Many media outlets and pundits, toeing the line espoused by their governments, have been dousing the Palestinians with advice to go back to the negotiating table, as if two decades of talks starting with the Oslo process were not enough time. What exactly are the Palestinians supposed to gain by waiting for statehood? Some future promise of possible talks?
With the U.S. presidential election just a year away, President Obama will be unable to summon courage at least until 2013 to nudge the contending parties into a compromise. A positive U.N. vote would serve as a catalyst to hasten the peace between the Palestinians the Israelis. As President Ronald Reagan once enunciated, if you negotiate from the point of weakness, you lose.
Remember, Britain did not leave India because Clement Attlee had become a devotee of “naked fakir” M.K. Gandhi’s nonviolence, nor because the British took pity on the miserable souls of the Harijans.

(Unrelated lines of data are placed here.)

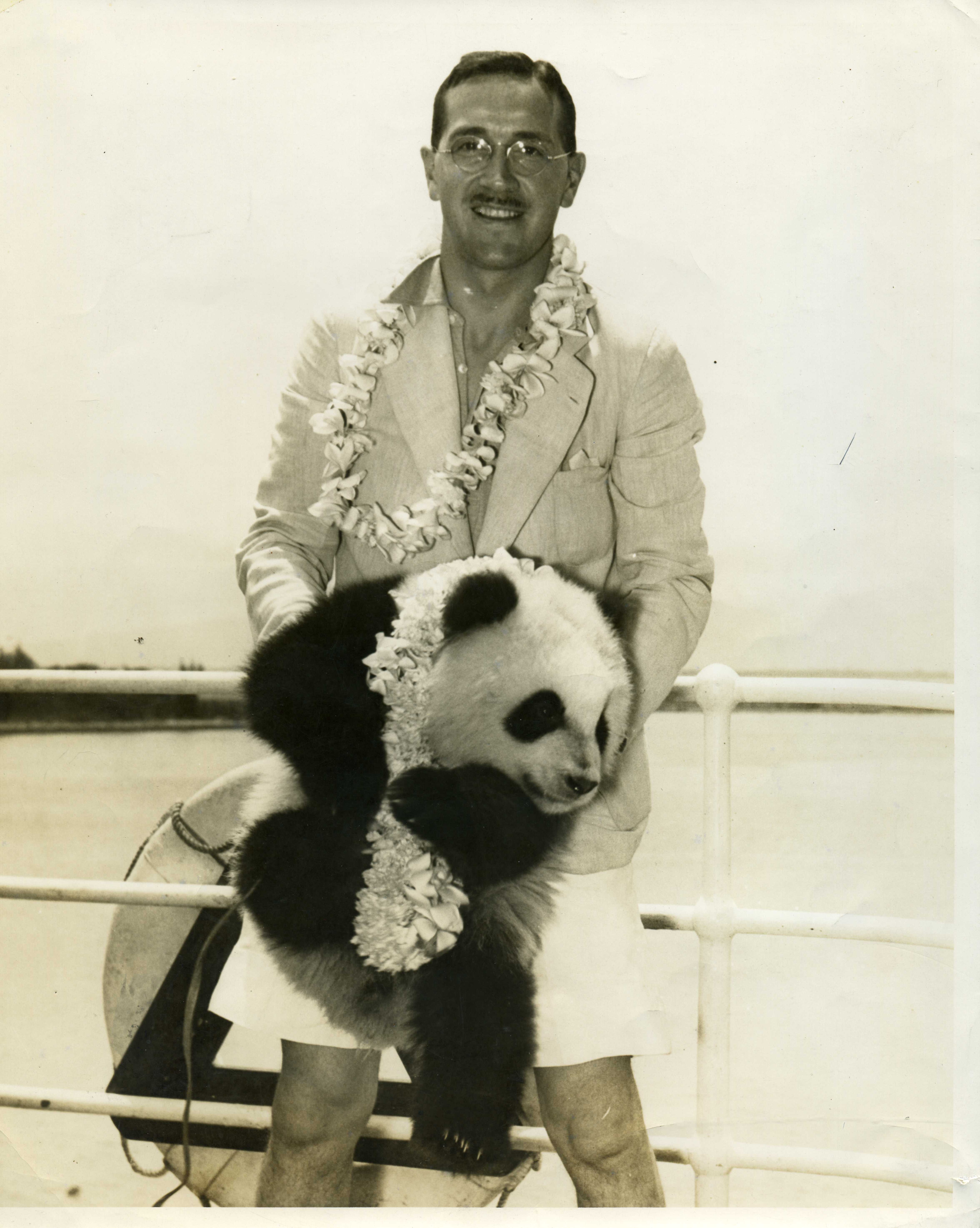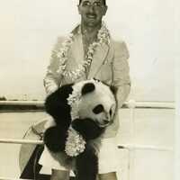 Roy Spooner and Pandora pose on the deck of the President Cleveland during their stopover in Hawaii. Both man and panda wear Hawaiian leis. Roy is holding Pandora facing the camera wearing a suit jacket with shorts.
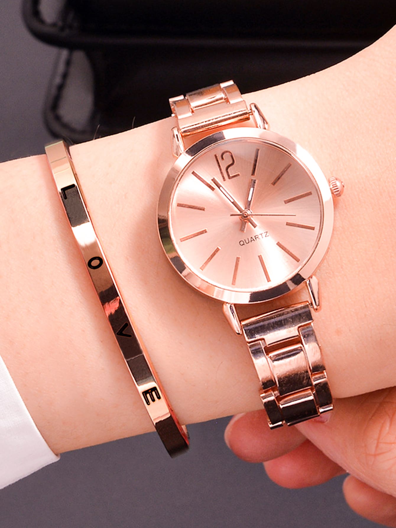 1 قطعة ساعة كوارتز ذات مؤشر دائري وسوار قطعة واحدة
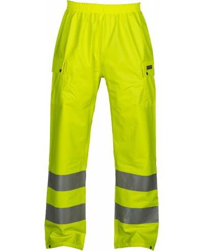 Gut sichtbare Regenhose mit 3M-Streifen, elastischer Taille, zwei seitlichen Blasebalgtaschen mit Knöpfen, Beinabschluss mit Druckknopf zur Weitenregulierung, warmversiegelten Nähten
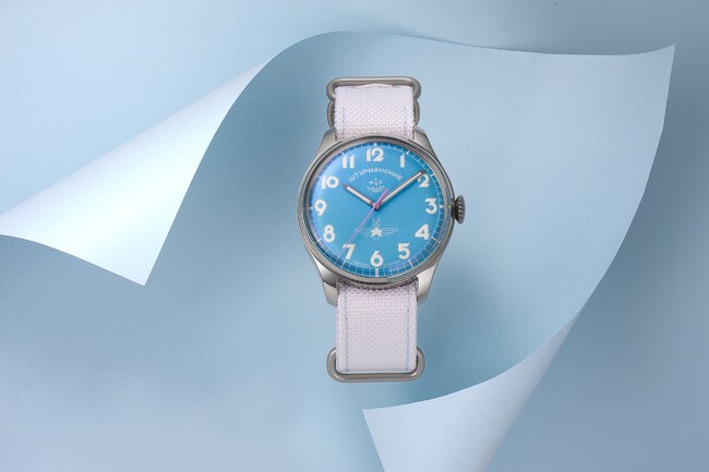 さらに、モスクワ第一時計工場のロゴもスカイブルーカラーとなっています。

His Majesty’s government pulled out because London saw a real threat of a communist takeover of India, if the English further prolonged their divine mission to make the Indians civilized.
Exactly for the same expediency – to avoid a takeover of Palestine by Islamic radicals – neither Israel nor America nor Europe would impose severe punitive measures on the Palestinians, even if the United Nations recognized their state.
– B.Z. Khasru, based in New York, is the author of a bestselling book, “Myths and Facts: Bangladesh Liberation War – How India, U.S., China, and the USSR Shaped the Outcome.” (Rupa & Co., 2010). Khasru contributed this article to PalestineChronicle.com.